Jamaican publisher (born 1949)

Ian Randle (born 7 July 1949) is a Jamaican publisher. He is the founder of an eponymous independent publishing company whose main focus is on English-language readers. He has won awards including the Prince Claus Award in 2012 and the 2019 Bocas Henry Swanzy Award for distinguished service to Caribbean letters.

== Life ==
Randle was born in Green Island, Hanover Parish on Jamaica in 1949, the eldest of his parents' three boys and two girls. He studied for a Special Honours degree in history at the Mona campus of the University of the West Indies, Jamaica, and later for an MSc degree in international politics at the University of Southampton, UK, on a Commonwealth scholarship. After his academic study, he worked many years for British publishers until he set up his own firm, Ian Randle Publishers (IRP), in 1990. This start made him the first English-language publisher of scholarly books in the Caribbean, publishing books on and about the region since 1991. Later, his firm became a model for particularly the African book scene.

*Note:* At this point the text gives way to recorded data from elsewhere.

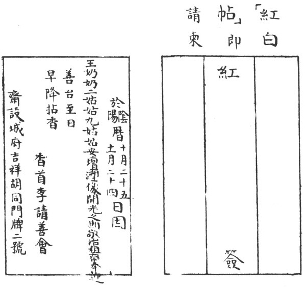 “请柬”:“安龛”的人家在典礼举行的前几天,要向亲友和本门各香头下请柬,名之为“请善会”。请柬的形状是白色封筒,中间黏着红签。因为是主人亲身送致,所以在红签上并不写所请者的名字。封筒内装“红单帖”,将请善会的原因、日期、地点都写在“帖”上,其形如下:
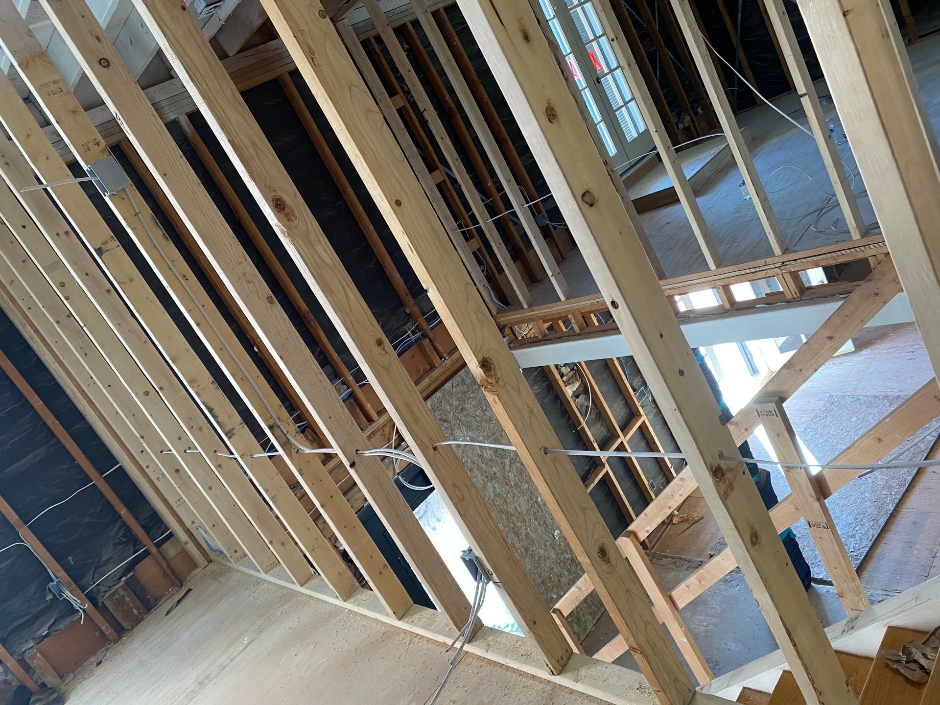 We run wire inside the wall and install the proper boxes for the receptacles, lighting, fans, switches and 3way switches.
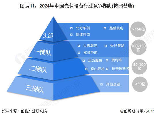 根据2024年企业营收规模划分,北方华创、捷佳伟创、晶盛机电营收超过150亿元,处于行业第一梯队;大族激光、双良节能、先导智能营收在100-150亿元之间,处于行业第二梯队;迈为股份、奥特维、京山轻机、拉普拉斯等营收在50-100亿元之间,处于行业第三梯队。
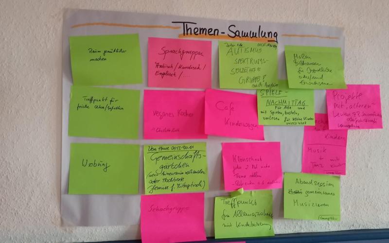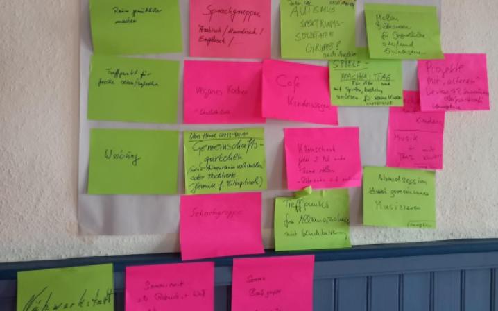 Nach persönlicher Vorstellung (Kurzbiografie, Interessen und Motivation) wurden zunächst ohne Struktur und Vorgaben Erfordernisse, Ziele und Ideen für eine Gemeinwesenarbeit im Allgemeinen, für das Gemeinschaftszentrum "Haus am Markt" im Speziellen gesammelt. Alle Punkte wurden anschließend geclustert und dazu kleine Arbeitsgrupppen für die weitere Ausgestaltung gebildet. Am Ende haben die Sprecher*innen jeder Arbeitsgruppe die Ergebnisse dem Plenum vorgetragen und um Fragen, Ergänzungen gebeten. Der Nachmittag endete mit konkreten Verabredungen innerhalb der Arbeitsgruppen für die anschließenden Wochen.
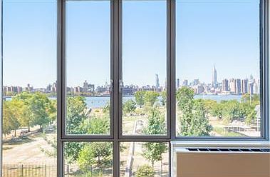 Large two Bedroom with stunning views of the Manhattan Skyline and East River State Park. Walls of windows bathe the apartment in sunlight. The large Living Room/Kitchen combo is great for entertaining. With room for seating and dining. The open chefs kitchen has stainless steel appliances, grey Caesar stone counter top and island, with green glass back splash. Both Bedrooms are large enough to serve as Masters. The river facing front bedroom has close access to the guest bath. The back bedroom is huge, with a large walk in closet and en suite with double vanity, soaking tub and separate shower. Building Amenities include a 24 Hr gym, common back yard, Concierge until 7 pm, and Cold storage for your Fresh Direct. The location cannot be beat with parks, restaurants, shopping, subway (L and G) as well as the East River Ferry very close by. Agents CYOF
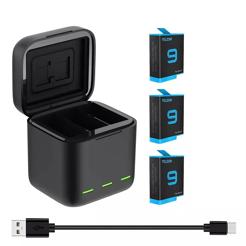 Быстрое зарядное устройство для GoPro 9, 3 слота, коробка для хранения аккумуляторов 1750 мАч, чехол для зарядки аккумуляторов для GoPro Hero 9, аксессуары для камеры
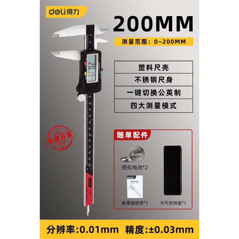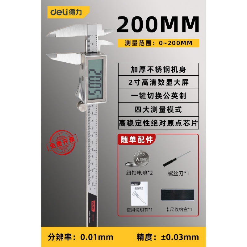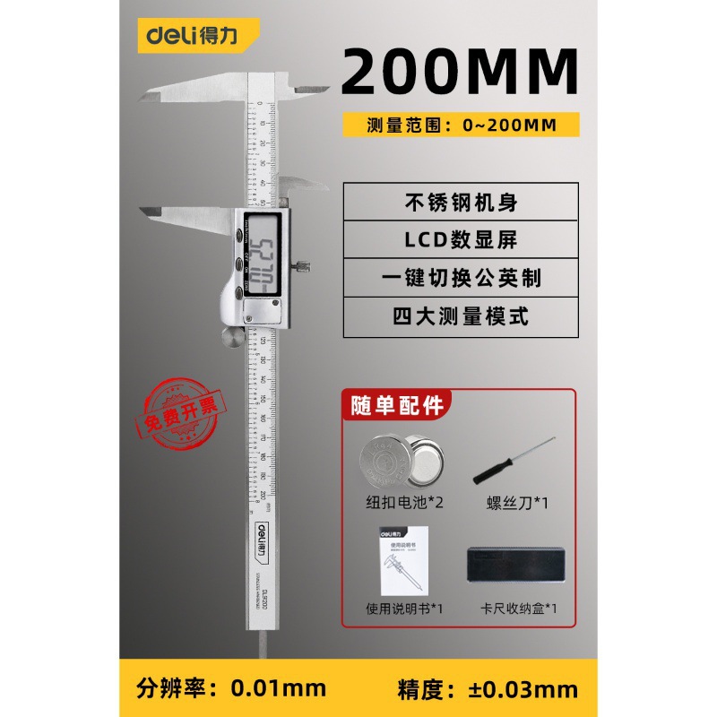 - Specifications: [All stainless steel model] Professional grade digital display caliper 0-200mm-DL91200
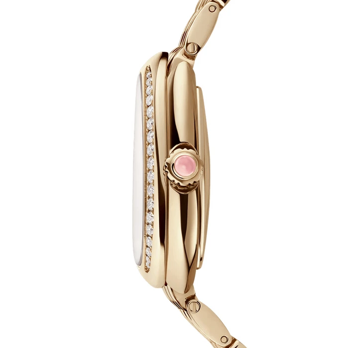 A blend of sensuality, mystery and contemporary glamour, the Serpenti Seduttori watch in 18 kt yellow gold makes time even more precious. Powered by a self-winding mechanical movement, its white opaline dial, framed by the distinctive drop-shaped watch head, is lit by a diamond-set bezel for a refined and dazzling effect. Inspired by the serpent’s scales, the supple and enveloping bracelet is crafted as an intricate hexagonal mesh, sealing the perfect encounter between the world of jewellery and watchmaking. Serpenti Seduttori watch with mechanical manufacture movement with automatic winding, calibre Lady Solotempo BVS100, hours, minutes and seconds functions, 50 hours power reserve. 34 mm 18 kt yellow gold case, bezel set with brilliant-cut diamonds, 18 kt yellow gold crown set with a cabochon-cut pink rubellite, white opaline dial, yellow gold-plated hands and indexes, 18 kt yellow gold bracelet with folding buckle. Water-resistant up to 30 metres.
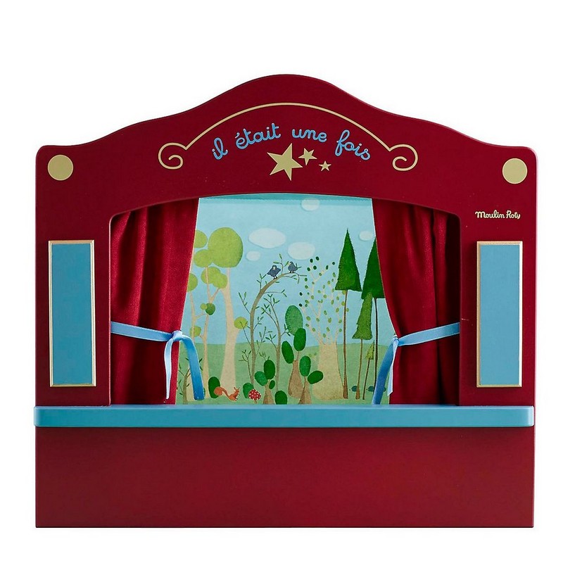 Once Upon A Time..... The Moulin Roty Petit Theatre de Marionnettes Rouge is a beautifully crafted wooden theatre. Ideal on top of a table the wooden theatre is already assembled and simply unfolds and is immediately ready for the first puppet show. The red velvet curtains can be opened by sliding along the wooden dowel and are tied into position with the blue ribbon. The theatre comes supplied with one hanging backdrop which details a Fairy Castle in the background and toadstools in the foreground. The Moulin Roty hand puppets compliment this theatre and make this the perfect heirloom theatre and puppet toy for the whole family to enjoy re-telling favourite fairy tales. A Childrens Puppet Show is much loved past-time enjoyed at every generation so liven up story time and enjoy rainy afternoons jam packed with imagination
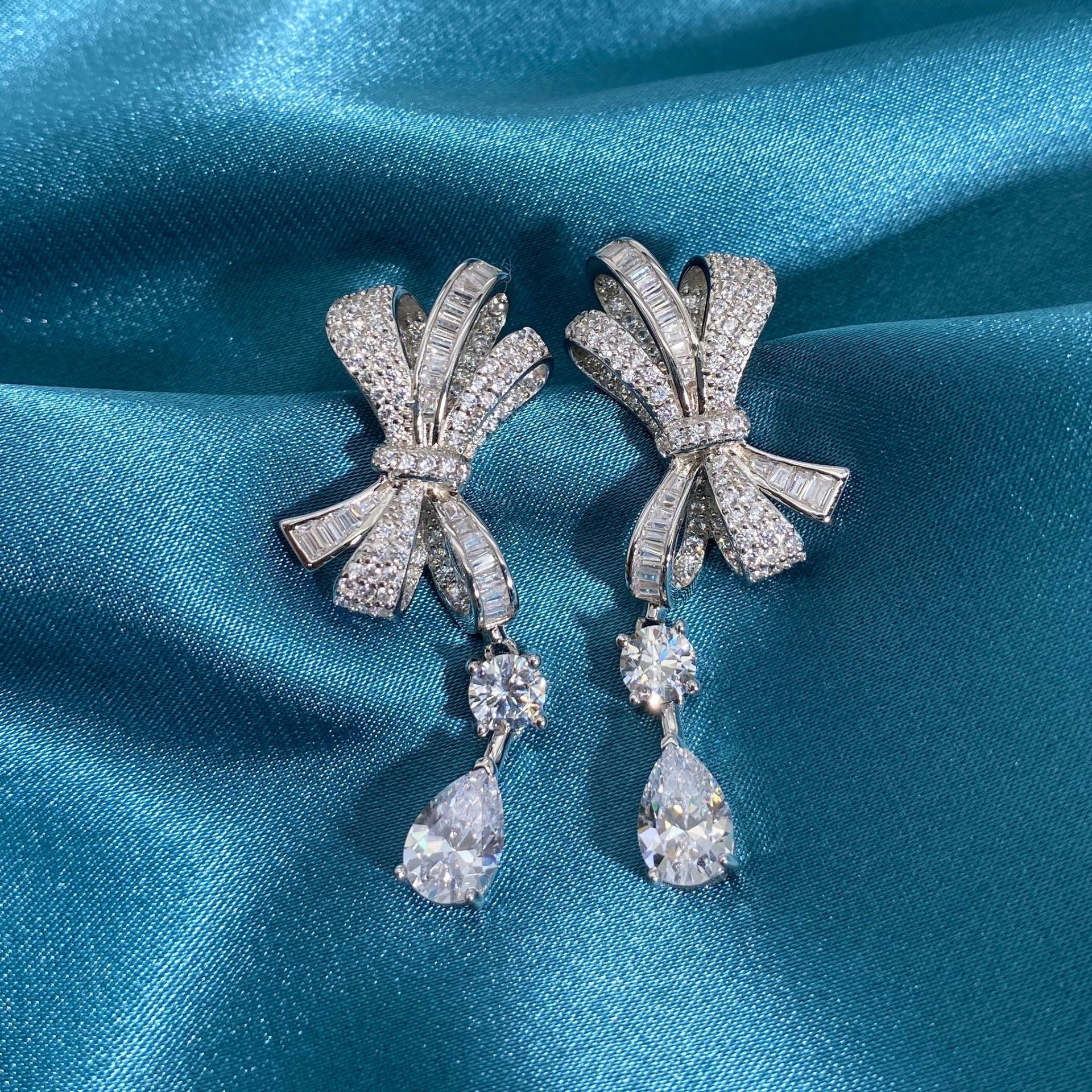 These S925 sterling silver bow earrings showcase a 1-carat pear-cut center stone (6x9mm) surrounded by a luxurious full pavé diamond setting. Designed in the popular Euro-American live stream style, they combine elegant sparkle with modern charm, perfect for adding a graceful touch to any look. Comfortable and eye-catching, these earrings are a stunning choice for special occasions or everyday elegance.
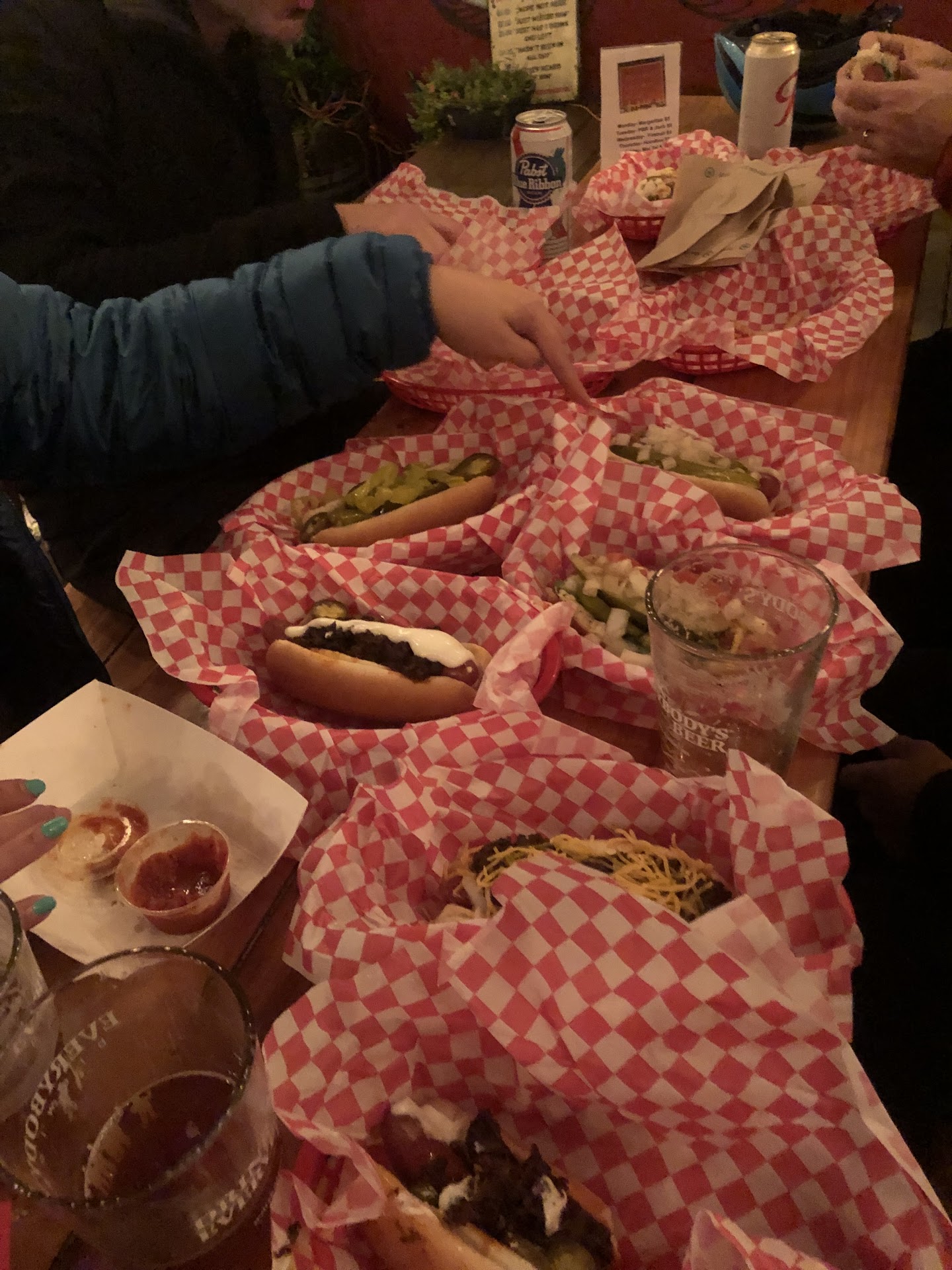 we ordered a cucumber marg, whiskey coke, chicago dog and a seattle dog. the guy forgot my cucumber marg but made my partners whiskey coke on the spot. i went in to ask about my drink but he seemed WAY too preoccupied with the zoo that was going on with the other patrons. when he finally brought it out it didn’t have a rim on it and had to ask for that, and then he brought out the fully prepared drink with literally no liquor in it (even tho their menu states in handwriting that all drinks have 2oz pours). he also charged us full price for the drinks during happy hour, which was only supposed to cost us $4 each. i had asked for cucumbers instead of sport peppers on my dog and didn’t get the cucumbers, and it didn’t even come on a poppy seed bun like it says. my partners seattle dog was slapped with two globs of cream cheese and wayyy too much onion. both of which, were super tiny and just meh. i will give the chicago dog points for green relish and that it does LOOK good.
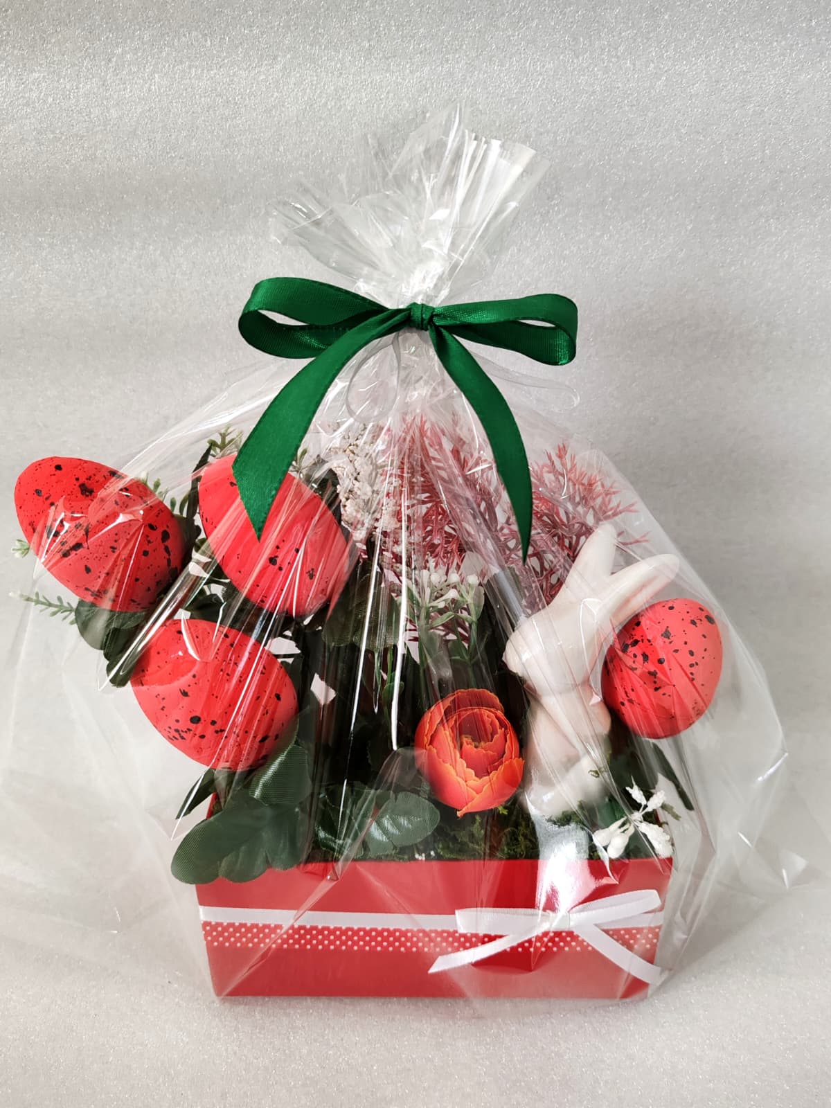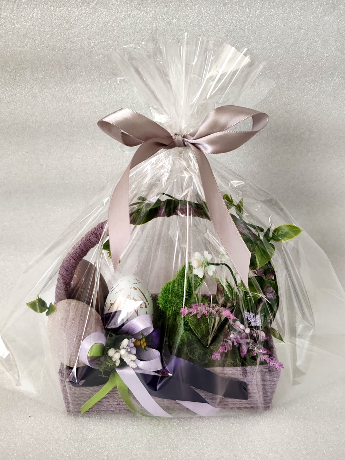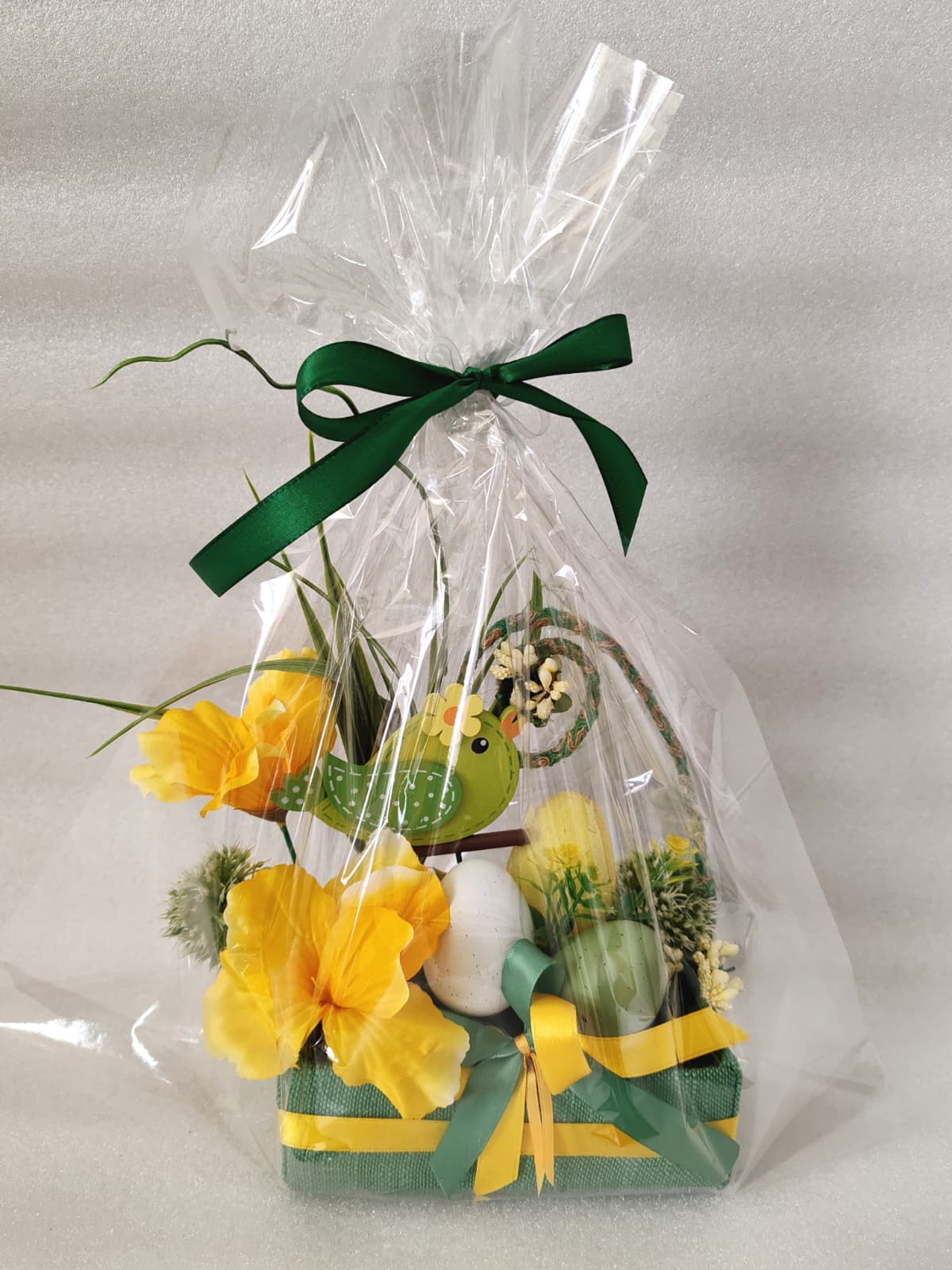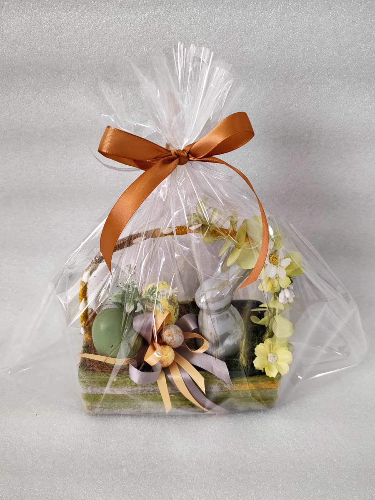 Materiale: Flori material textil și plastic, accesorii din lemn, polistiren, coșuleț din pânză/sfoară și panglici satinate.

===Ian Randle Publishers===
At first, Randle focused on history and the social sciences, which allowed young academics to publish their findings locally. As a result, the region became less dependent on writers from the United Kingdom, the colonizer of Jamaica until 1962. In later years Randle expanded the range of books to include biography, culture, cookery, and sports, while producing texts for undergraduate-level students and the upper levels of the Caribbean secondary school system. His list contains the most comprehensive offerings on the Regional Integration Movement and on the Caribbean Community (CARICOM). His published list contains over 350 printed titles and some electronic editions.

The direction of the firm is now in the hands of Randle's daughter Christine, while he himself has continued in fields such as marketing, public relations and consultancy.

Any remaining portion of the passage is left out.